Joined: Wed Nov 15, 2017 12:37 pm
Posts: 19
Quote:
Suppose $C$ is a smooth curve given by $\vec{r}(t)$, $a \leq t \leq b$. Also suppose that $\Phi$ is a function whose gradient vector, $\nabla \Phi=f$, is continuous on $C$. Then
$$
\int_C f \cdot \,\mathrm{d}\vec{r}
= \Phi(\vec{r}(b))-\Phi(\vec{r}(a)).
$$



To prove this, we start by rewriting the integral using the parameterization of $C$. So
$$
\int_C f \cdot \,\mathrm{d}\vec{r}
= \int_a^bf(\vec{r}(t)) \cdot \vec{r}^{\,\prime}(t) \, \mathrm{d}t
$$
Since $\Phi$ is the potential function of $f$,
$$
\int_a^b f(\vec{r}(t)) \cdot \vec{r}^{\,\prime}(t) \, \mathrm{d}t
= \int_a^b \nabla \Phi(\vec{r}(t)) \cdot \vec{r}^{\,\prime}(t) \, \mathrm{d}t,
$$
and with the substitution $\omega=r(t)$, $\mathrm{d}\omega=r^{\prime}(t)\,\mathrm{d}t$,
$$
\int_a^b \nabla \Phi(\vec{r}(t)) \cdot \vec{r}^{\,\prime}(t) \, \mathrm{d}t
= \int_{\omega_1}^{\omega_2}\bigl[\Phi(\omega)\bigr]'\,\mathrm{d}\omega,
$$
and since $\omega_1=\vec{r}(a)$ and $\omega_2=\vec{r}(b)$, the fundamental theorem of calculus gives
$$
\int_C f \cdot \mathrm{d}\vec{r}
= \Phi(\omega_2) - \Phi(\omega_1)
= \Phi(\vec{r}(b)) - \Phi(\vec{r}(a)). \quad\Box
$$
Is this proof complete?

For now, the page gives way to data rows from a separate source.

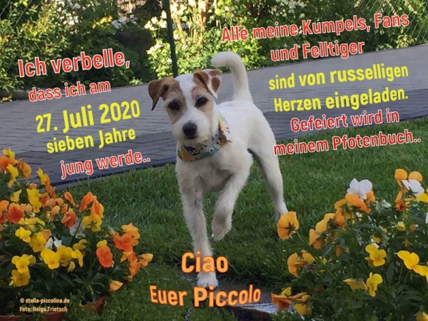 Pfotentapser und Bilder in Piccolos Gästebuch bedanken.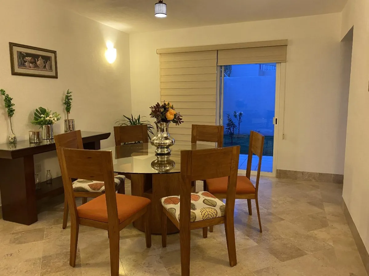 Comedor con una hermosa vista panorámica hacia el jardín posterior de 42.52 m², perfecto para conectar con la naturaleza sin salir de casa.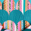 When It Rains is a jelly roll friendly bold clamshell quilt pattern. The big pieces and alternate block construction make this a great pattern for beginners to curved piecing. The pattern includes detailed step-by-step instructions and illustrations, a coloring page, and full-size printable pattern template pages.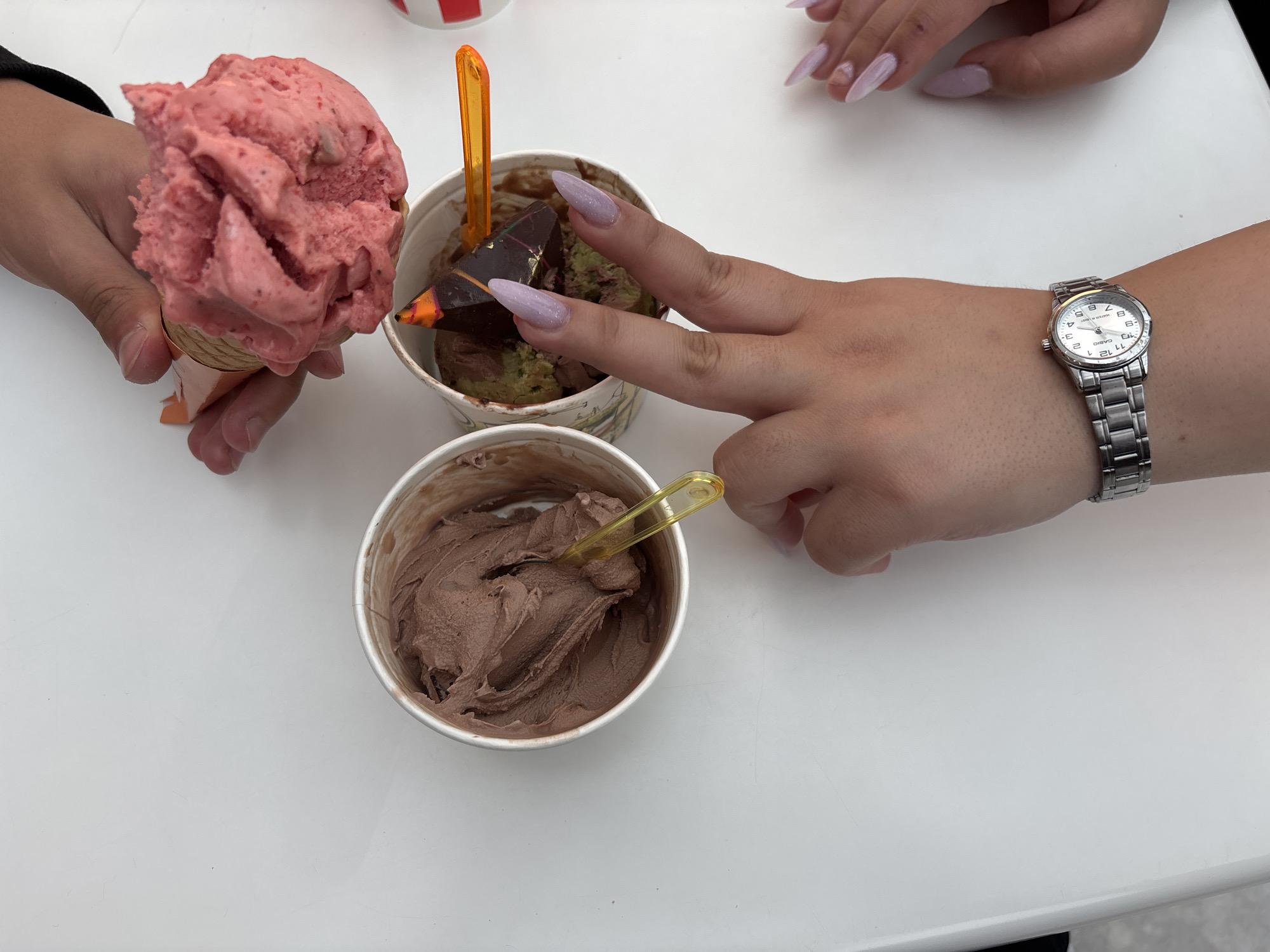 On a white table, three containers of ice cream are positioned. One container holds pink ice cream in a cone, held by a hand. The second container contains green and brown ice cream, with a chocolate piece, being touched by a hand with long lavender nails. A third container holds brown ice cream with a small yellow spoon. A silver wristwatch is worn on the wrist of the hand with lavender nails. The location of the scene is in the city of Unknown, Unknown.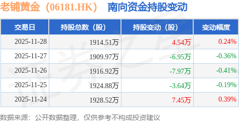 证券之星消息,11月28日南向资金增持4.54万股老铺黄金(06181.HK)。近5个交易日中,获南向资金减持的有3天,累计净减持6.57万股。近20个交易日中,获南向资金增持的有8天,累计净增持72.11万股。截至目前,南向资金持有老铺黄金(06181.HK)1914.51万股,占公司已发行普通股的13.36%。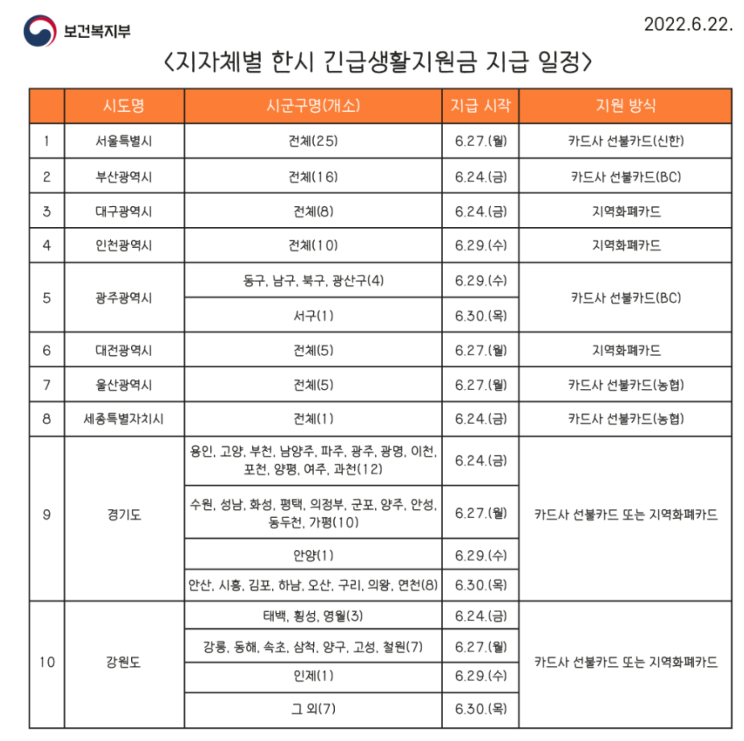 6월 24일 부터 개시하여 지자체 사정에 따라 30일 까지 순차적으로 지급할 예정입니다.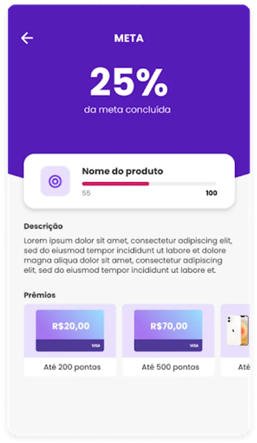 RampUp's application allows sellers to sell products in real time and participate in incentive campaigns, which have goals that will be converted into points and, at the end, into prizes from the participating companies' incentive campaigns.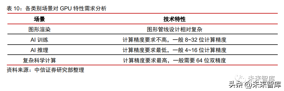 AI 訓練:大模型逐步成為 AI 領域的主流,疊加下游自然語言理解、計算機視覺、 推薦系統等應用場景的不斷擴展,AI 訓練料將成為中期國內 GPU 最大的需求領 域。同時 AI 模型更多基于神經網絡結構,因此對計算精度要求并不嚴苛,亦使 得本土 GPU 廠商面臨的技術門檻相應降低,我們預計這將是本土 GPU 廠商最容 易實現突破的領域。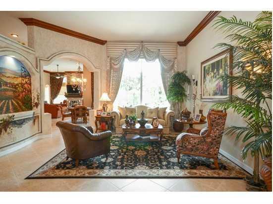 Parkland Perfection! Professionally decorated/landscaped 5 bed 3bath 3 car. garage. Triple split floor plan , home on a spacious and private waterfront lot. 42" Pecan kitchen cabinets, granite counters with travertine backsplash. Real fireplace with cust om stone mantel & cabinetry. newly renovated resort-style pool,with rock waterfall, glass tiles & cooling - misters system. Patio has 24" travertine marble laid diagonally. French doors in family & master bedroom, crown moldings throughout. and much more!
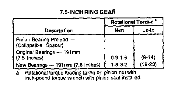 Ford 7.5 Inch, Pinion Bearing Preload: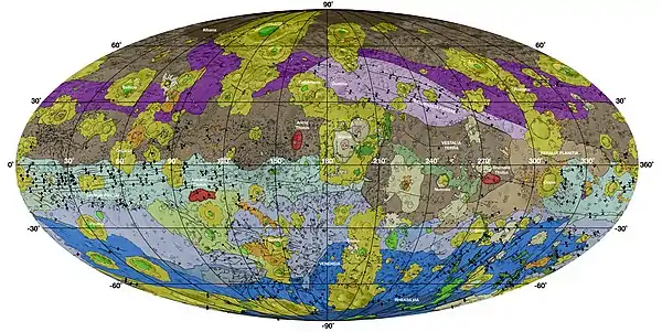 | 6–7 milioane de ani | Cristalizarea progresivă a unei mantale topite în convecție. Convecția sa oprit când aproximativ 80% din material a cristalizat |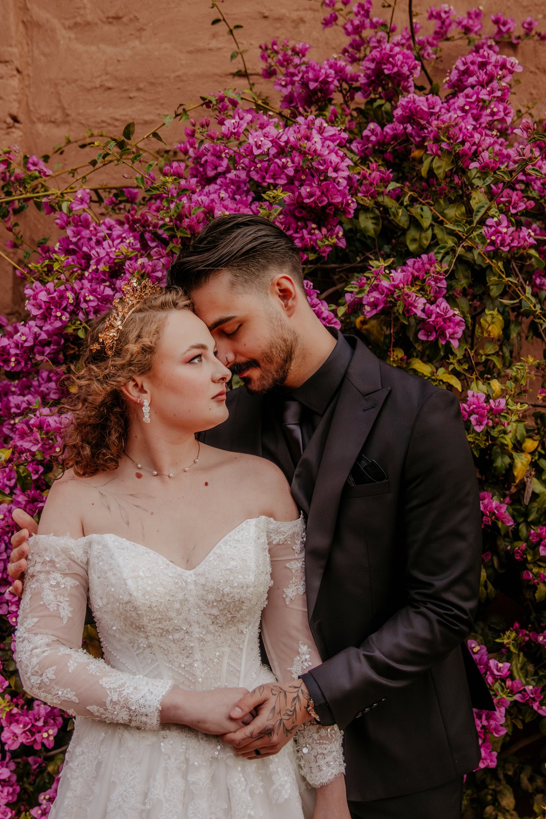 Dis ʼn gesofistikeerde maar warm atmosfeer – wat aardse kleure met romantiese blomme meng en verhef word deur klein luukse besonderhede. Ons wou hê dat die troue se styl ons altwee sal spieëlbeeld, dit was eenvoudig minimalisties en perfek.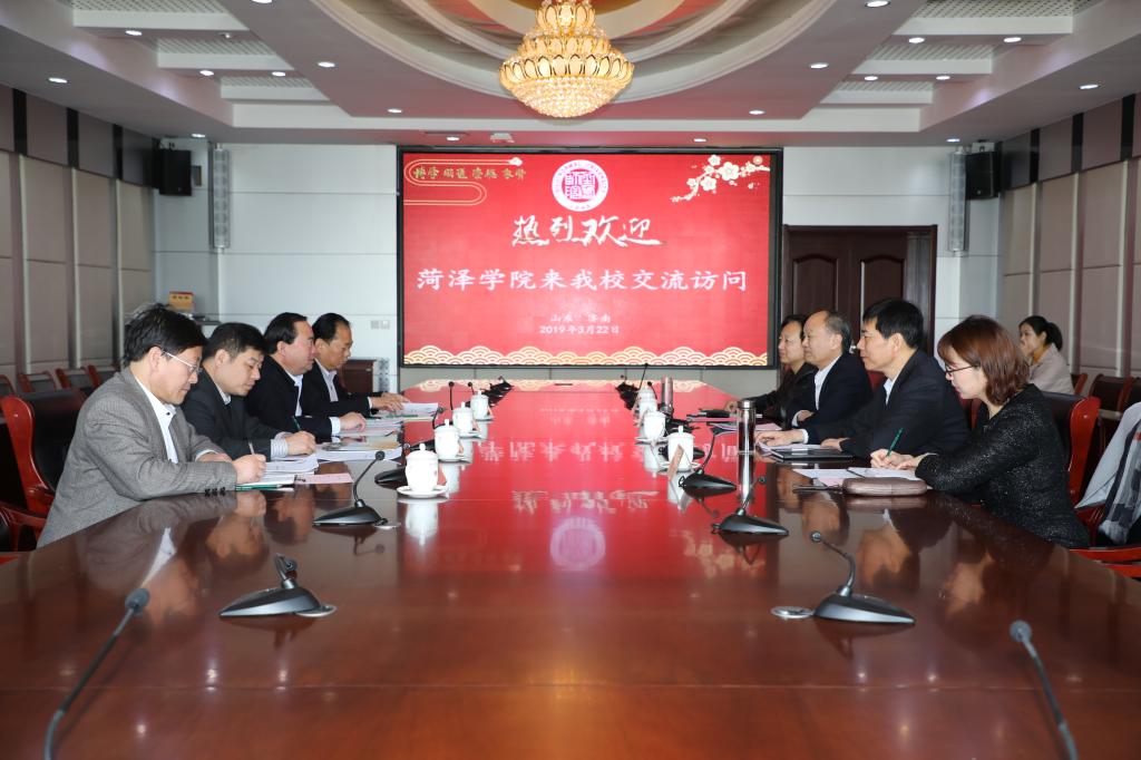 3月22日,菏泽学院党委书记王焕良一行来永利官网交流访问。党委书记王玉华,副校长张福建会见了客人,校长办公室、学生工作部(处)负责人参加了座谈。

Can you explain why the equality
$$
\int_a^b \nabla \Phi(\vec{r}(t)) \cdot \vec{r}^{\,\prime}(t) \, \mathrm{d}t
= \int_{\omega_1}^{\omega_2}\bigl[\Phi(\omega)\bigr]'\,\mathrm{d}\omega,
$$
holds? Though I can see it intuitively, I seek a more mathematically formal reasoning.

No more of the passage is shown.